On a recent Saturday, he fired up a smoker containing an aromatic combination of pine needles and blasted a gentle puff of smoke into his hive to lull his bees into a torpor.

Along with regular honey, Konrad produces bottles of mead using fermented honey.

Nathan Zeender, 32, a database administrator who home-brews beer in his spare time, plans to add the honey from his two hives to his brew.

That brings us to the gourmands.

Like most things cosmopolitan, city honey can be more flavorful and more exciting than country honey.

Urban bees have to work harder to gather their pollen as they buzz from the patio herb garden to the tulip poplar by the playground and then to the linden tree that arches over the corner store.

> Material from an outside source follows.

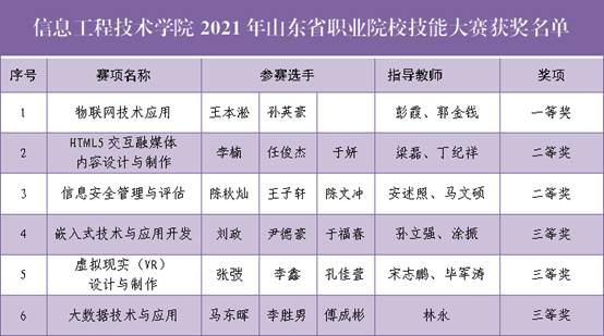 本网讯(信息工程技术学院 杨喆)近日,2021年度山东省职业院校技能大赛各赛项相继落下帷幕。信息工程技术学院参加“物联网应用技术”“HTML5交互融媒体内容设计与制作”等7个赛项比赛,喜获一等奖1项、二等奖2项、三等奖3项,取得了新的比赛成绩。

The combination of flavors is exciting for Ian Bens and Aron Weber, chefs at the Fairmont who campaigned to get hives on the hotel's rooftop.

After the lunch rush -- about the time cooks used to head into the alley for a cigarette break -- the two go to the 10th floor of the hotel with their smoker, don their modern beekeeper get-ups (theirs look like fencing gear) and tend the hives.

"We've had a taste; it's wonderful. So floral," Weber said. "What do you think of a beetini?"